-- TASK BRIEF --
Quote the listing below in full and exactly as written, but omit every picture.

-- COLLECTED MATERIAL --
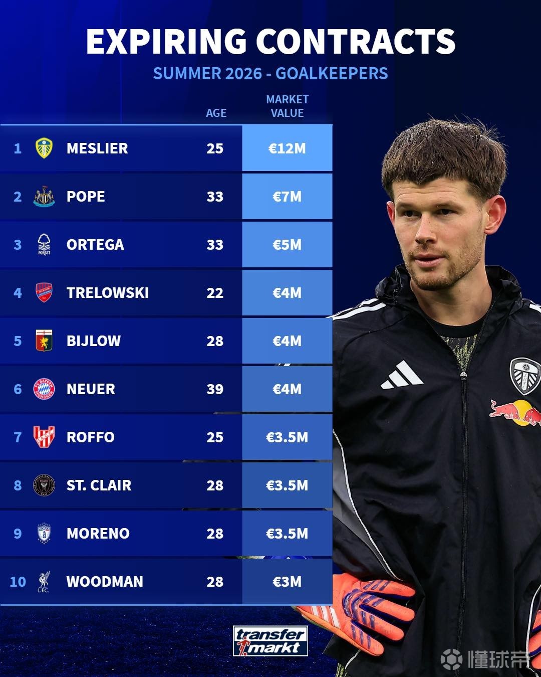 德国转会市场统计了今夏合同到期的十大门将,其中球员按照身价从高到低排序。
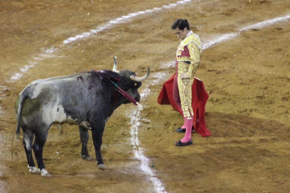 Regalo un cárdeno claro que acudió por ambos lados pero pinchó para dejar estocada, el diestro escucho un aviso pero salió al tercio con fuerza.
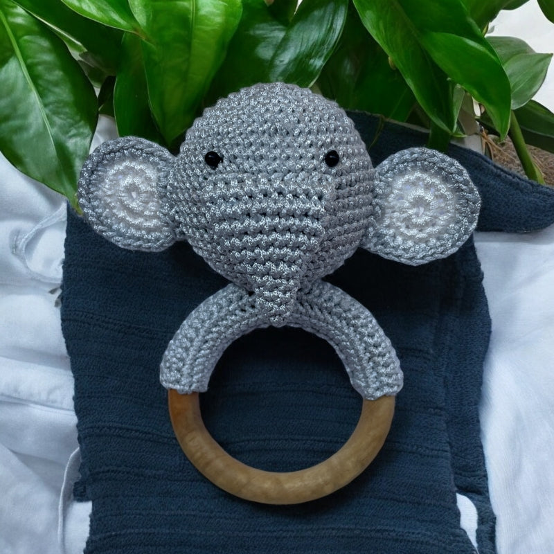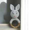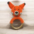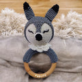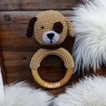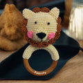 Fabrify Crochet Animal Baby Wooden Chewable Teether Cum Rattle
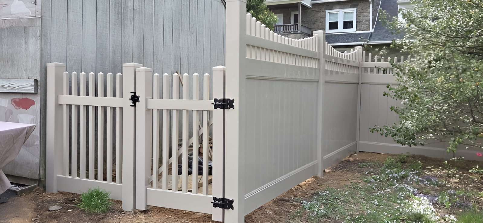 For the rear of the property where seclusion was the priority, we completed the vinyl privacy fence replacement in Broomall, PA using 6-foot panels. These solid sections provide total visual screening from neighboring lots and the street, creating a quiet sanctuary for Mr. Tumolo. We selected a scalloped top for these privacy panels to add a touch of elegance and soften the profile of the taller sections. This wave-like pattern provides a refined finish that matches the heavy-duty black hardware used throughout the installation. Because the material is non-porous vinyl, it will not rot, peel, or require the painting that wood fences demand.

-- SOLUTION --
 德国转会市场统计了今夏合同到期的十大门将,其中球员按照身价从高到低排序。
 Regalo un cárdeno claro que acudió por ambos lados pero pinchó para dejar estocada, el diestro escucho un aviso pero salió al tercio con fuerza.
 Fabrify Crochet Animal Baby Wooden Chewable Teether Cum Rattle
 For the rear of the property where seclusion was the priority, we completed the vinyl privacy fence replacement in Broomall, PA using 6-foot panels. These solid sections provide total visual screening from neighboring lots and the street, creating a quiet sanctuary for Mr. Tumolo. We selected a scalloped top for these privacy panels to add a touch of elegance and soften the profile of the taller sections. This wave-like pattern provides a refined finish that matches the heavy-duty black hardware used throughout the installation. Because the material is non-porous vinyl, it will not rot, peel, or require the painting that wood fences demand.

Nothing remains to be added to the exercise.